Publié le par Ponpon de Pey
Publié dans : #Diversité

« Chèvre du Rove : L’engouement pour cette race caprine méditerranéenne ne se dément pas avec des effectifs et un nombre d’éleveurs qui n’ont cessé de croître ces dernières années. »

Depuis quelques années une trentaine de chèvres du Rove accompagnent  le troupeau de moutons  de Julien à Vèbre_09 et égayent nos montagnes. Vous pourrez par cet article mieux connaitre cette race  et ses origines.  ppp

La chèvre du Rove, un parcours millénaire  

 

 Copie par JMP  de l’article paru dans  l’Agriculteur Provençal   du vendredi 23 janvier 2015

 

Parler de la chèvre du Rove c’est rouvrir des pages d’histoire. La race a failli disparaître. Depuis quelques années, les effectifs de ces caprins progressent. Ils dépassent les 5 000 mères en 2003,  6000 en 2007 et 8 000 en 2010 Aujourd’hui c’est derrière la chèvre Corse, la race caprine locale la plus représentée.

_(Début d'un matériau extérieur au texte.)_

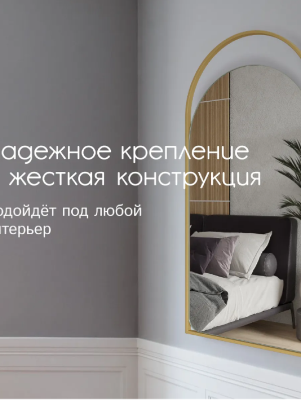 Зеркало «Artful». Артикул GMZ-04-1/2/3 Зеркала-арки часто используют дизайнеры интерьеров для того чтобы «оживить» пространство, добавить в него свет, создать иллюзию его расширения. Представленное арочное зеркало настенного типа является ярким тому подтверждением. Размеры этой модели делают зеркало функциональным, а изящная металлическая рама вместе с ним делает его универсальным. Зеркало подходит для ванной, спальни, коридора, гостиной и при этом, благодаря классической форме, способно поддержать любой стиль интерьера. Зеркальное полотно отличается высоким качеством. Оно произведено бельгийской компанией AGC, продукция которой считается эталонной.Характеристики:– габаритные размеры – 1020х520х20 мм; – размер зеркального полотна 900х500 мм, толщина – 4 мм; – размеры профиля рамы 10х20 мм; – стойкая порошковая окраска; – цвета на выбор – золотой, чёрный, белый; – вес – 7 кг; – саморезы для крепления к стене в комплекте; – гарантия – 1 год.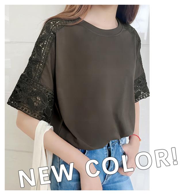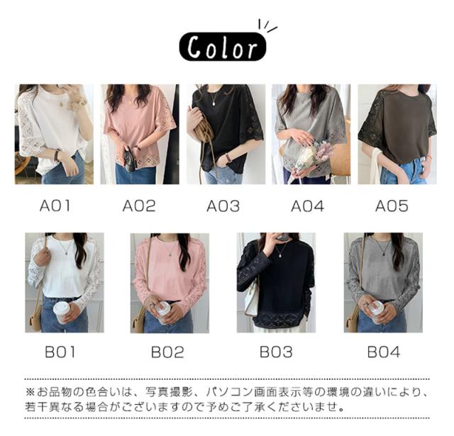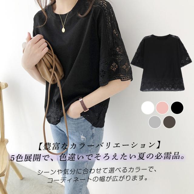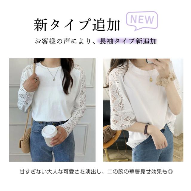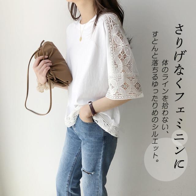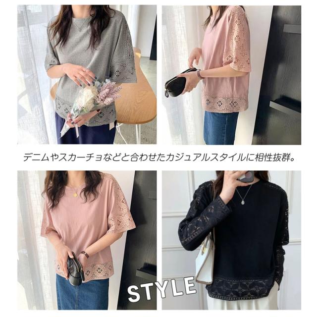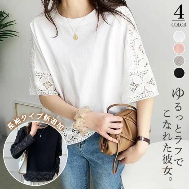 tシャツ Tシャツ レディース 半袖 長袖 カットソー 半袖Tシャツ 長袖Tシャツ ブラウス シンプル レース 刺繍 トップス 着痩せ オフィス 通勤 きれい ゆったり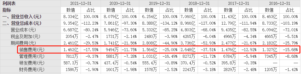 即使如此,目前海南椰岛依旧保持着较高的销售费用。其中最低的2020年也有9500万,而在2018年,单是列支的广告费就有1.25亿元。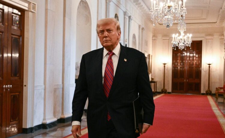 US President Donald Trump arrives to sign the GENIUS Act (Guiding and Establishing National Innovation for US Stablecoins Act), which codifies the use of stablecoins — cryptocurrencies pegged to stable assets like the US dollar or US bonds — in the East Room of the White House in Washington, DC, on July 18, 2025. (Photo by Brendan SMIALOWSKI / AFP) (Photo by BRENDAN SMIALOWSKI/AFP via Getty Images)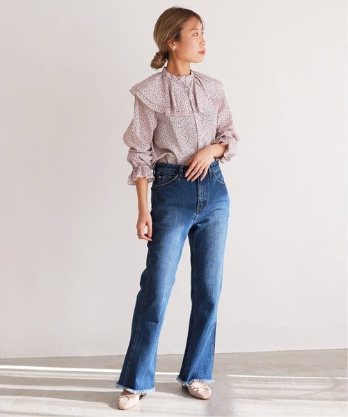 着こなしに華やかさをプラスしてくれるラッフルカラーデザインが、大人の可愛げムードを引き寄せます。デニムパンツとの相性もぴったり。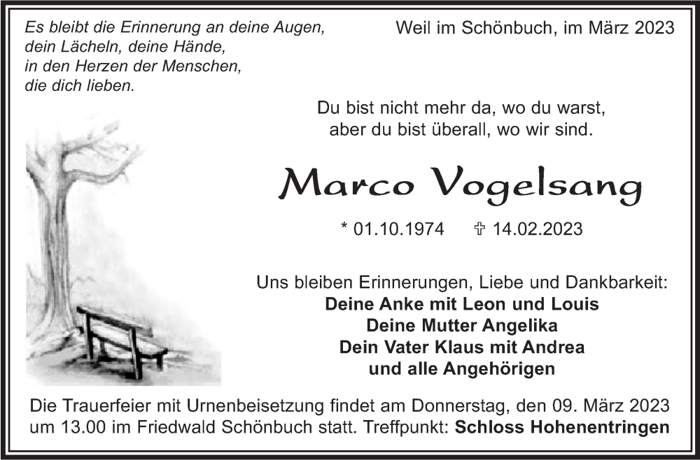 Hier finden Sie alle Traueranzeigen aus der Zeitung, die bisher für Marco Vogelsang erschienen sind. Weitere Traueranzeigen, die in der Zeitung erscheinen, werden hier ebenfalls aufgelistet
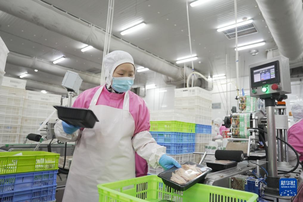 11月29日,在石门县一家家禽加工企业冷链车间,工人在包装鸡肉。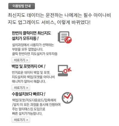 이용방법 안내를 보시면 어떤점들이 바뀌었는지 확인할 수 있습니다. 설치과정에서 사용자가 선택하는 부분을 모두 없앴으며, 클릭 한번이면 지도설치가 모두 자동으로 진행됩니다.
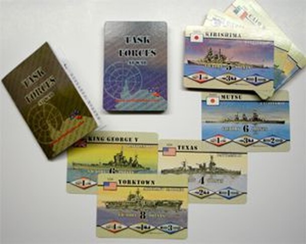 Task Forces at War is a really quick card game for two, pitting the Axis' and Allies' naval vessels against one another. Players secretly and simultaneously select three ships from their hand of five, then reveal the chosen three. Each ship has three combat values, namely aircraft, big guns, and torpedoes. If there are four or more aircraft carriers, then...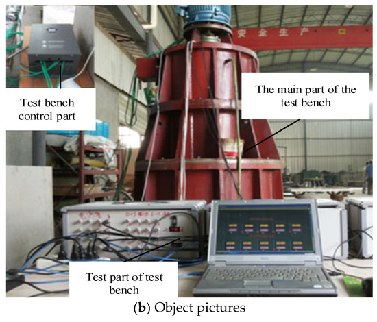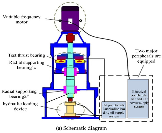 The test thrust bearing is manufactured according to the design parameters of the better bearing pad obtained from the previous calculation. The size of the test bearing is half of the actual design bearing size, and the size parameters of the bearing are shown in Table 3. The test is carried out on the vertical thrust-bearing test bench, which is designed and modified. The structural diagram of the test bench is shown in Figure 10. The thrust-bearing test bench comprises five parts: the main body, drive system, loading system, lubrication system, and test system. The rotor uses a stainless steel 1Cr18Ni9Ti thrust disc and stainless steel 2Cr13. The test bench is mainly divided into five parts: the main body of the test bench, the frequency conversion motor drive system, the loading device, the high-pressure oil station, and the lubrication and cooling system. The static pressure loading method is adopted. In order to cooperate with the low-speed start–stop test, the original high-speed low-torque motor is replaced with a high-torque frequency conversion speed regulation motor with a rated speed of 1000 r/min to ensure the starting torque. The size of the radial bearing shaft diameter is 156 mm, and the radial support bearing is a four-pad tilting pad bearing. The outer diameter of the thrust disc is 600 mm. Due to the reduction in the size, considering that the linear speed is the same as the actual size of the bearing, the maximum speed of the test motor is 3600 r/min. The maximum axial load of the hydraulic loading system is 10 tons. This test is the take-off speed test, and the speed of the test is 0~250 r/min.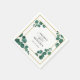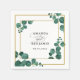 Elegantes toallas de Boda Eucalyptus con marcos geométricos y hojas de eucalipto verde. Personaliza con los nombres de pareja recién casados y la fecha.

Actuellement la région Provence Alpes-Côte d’Azur concentre plus de 60%  du cheptel et presque la moitié des éleveurs. Plus globalement  le grand Sud-Est (Paca, Rhône-Alpes et Languedoc-Roussillon) regroupe environ 90%  des animaux.

L’assemblée générale de l’Association de défense des caprins du Rove  s’est tenue le 14 janvier à Saint-Jean de Connues (34) Elle a bien montré  l’engouement pour ce type de race. Le répertoire 2013/2014rzvêle l’existence de I38       éleveurs (contre36 seulement en 1987), pour un effectif réactualisé de 10 514 femelles (+602males). Soit une progression de 33% par rapport à 2010 qui avait vu +38% de progression par rapport à 2007.

 

Le renouveau

Ce renouveau de la chèvre du Rove  n’était pas gagné. Elle a longtemps subi l’ostracisme  de beaucoup et été  « pourchassée » du fait de son appétit un peu  trop féroce pour les arbres .Au  point que sa réhabilitation en 1987 à travers un programme  sylvopastoral faisait écrire dans  l’Agriculteur Provençal du 10 avril de cette même année : « La chèvre n’est plus le diable. »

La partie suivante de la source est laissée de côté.